Lee: I think it will. I think there's a lot of uncertainty about the timeline because as we've seen, it's hard to predict. The two leading companies are Waymo and Cruise, and both of them are planning to grow by a factor of like 10x to 100x over the next two or three years. I think that's probably too optimistic. Currently they're in a couple of cities. I would expect to see that number grow significantly, maybe a dozen cities in two or three years and dozens or hundreds of cities in five to 10 years, something like that. There's a lot of uncertainty about the exact timeline, but if you go to Phoenix there are real driverless cars that can take you around. It's a 180 square mile area of Phoenix that includes downtown Phoenix and gets you to the Sky Train that gets you to the Phoenix airport. So that's like a genuinely useful taxi service. I don't think it's profitable yet. I think that most of the technical problems have been solved, and a lot of it is just kind of making the economics work, getting the costs down, and then doing the logistics of rolling out to new cities.
So not a “gradually then suddenly” sort of thing as with going bankrupt, but gradual steps that add up to something significant over time — although not that much time, really, given the Google blog post was just a decade ago.

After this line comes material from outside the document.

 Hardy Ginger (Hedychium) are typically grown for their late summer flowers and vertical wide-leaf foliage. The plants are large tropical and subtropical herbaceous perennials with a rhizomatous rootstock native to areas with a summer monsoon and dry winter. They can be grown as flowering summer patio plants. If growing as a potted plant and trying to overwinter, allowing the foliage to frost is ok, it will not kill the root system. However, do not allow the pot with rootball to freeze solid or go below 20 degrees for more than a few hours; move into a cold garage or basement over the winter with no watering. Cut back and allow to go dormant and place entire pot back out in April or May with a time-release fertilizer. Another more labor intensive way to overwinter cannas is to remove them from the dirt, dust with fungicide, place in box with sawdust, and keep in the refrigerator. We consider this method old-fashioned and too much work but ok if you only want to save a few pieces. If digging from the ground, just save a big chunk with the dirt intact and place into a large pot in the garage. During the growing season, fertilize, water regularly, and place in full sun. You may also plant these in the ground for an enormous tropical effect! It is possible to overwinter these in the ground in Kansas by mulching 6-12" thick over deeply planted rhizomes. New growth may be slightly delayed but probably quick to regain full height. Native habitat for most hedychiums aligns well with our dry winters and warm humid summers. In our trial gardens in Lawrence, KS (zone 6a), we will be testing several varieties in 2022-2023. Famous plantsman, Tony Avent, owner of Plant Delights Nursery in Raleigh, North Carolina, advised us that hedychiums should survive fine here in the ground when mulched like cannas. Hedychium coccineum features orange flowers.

Incremental progress but progress nonetheless. And let’s remember what we are progressing toward. As Manhattan Institute Jordan McGillis explains in a new report, “Autonomous Now: Why We Need Self-Driving Technology and How We Can Get It Faster,” the potential for AVs to improve road safety and reduce transportation costs remains pretty compelling. AVs equipped with autonomous driving systems are already safer than human drivers and have the potential to significantly reduce the more than 40,000 annual deaths caused by motor-vehicle collisions in the ... The adoption of AVs also promises cost savings due to reduced labor needs, resulting in lower ride-hailing and trucking expenses. The report emphasizes that AVs with Level 4 automation, capable of autonomous driving within specific environments, hold immense potential for safety enhancement and economic benefits. Among his policy suggestions:
To support successful [autonomous ride-hailing], U.S. cities should: (1) allocate curb space to ride-hailing loading and unloading; (2) allow autonomous ride-hails to use preferred lanes; and (3) implement congestion pricing.
State governments should: (1) devote a state policy office to AVs; (2) license ADS similarly to the licensing of human drivers; and (3) invest in quality infrastructure that facilitates autonomous technology without prematurely committing to vehicle-to-infrastructure (V2I) technology.

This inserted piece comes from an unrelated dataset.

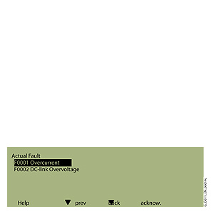 Любые происходящие Аварийные предупреждения отображаются мигающим желтым светодиодом «ALARM»; любые происходящие Аварийные сбои/отлючения отображаются горящим красным светодиодом «FAULT». В строке состояния дисплея при этом появляется дополнительное справочное текстовое сообщение о причине.

The federal government should: (1) raise or eliminate AV manufacturing caps; (2) address problems as they arise, rather than before they arise; and (3) use the power of federal highway funding to induce state receptivity to autonomous trucks.
Give the tremendous benefits from mass AV adoption, this is truly a “Faster, Please!” situation.
▶ Artificial Intelligence and Scientific Discovery: A Model of Prioritized Search - Ajay K. Agrawal, John McHale & Alexander Oettl, NBER | The complexity of the new research frontiers provides one explanation for disappointing recent productivity growth despite exponentially increasing resources invested in R&D. Innovators lack the kinds of science-based predictive theories to search these spaces that underpinned past scientific advances, most notably the predictive tools provided by 19th and 20th century advances in theoretical physics. Many of today’s greatest innovation challenges are in the domain of biology – small molecule-protein binding, gene expression, protein structure prediction, protein design, etc. Scientists hope that AI-based predictive models will provide useful tools to guide search at these challenging frontiers.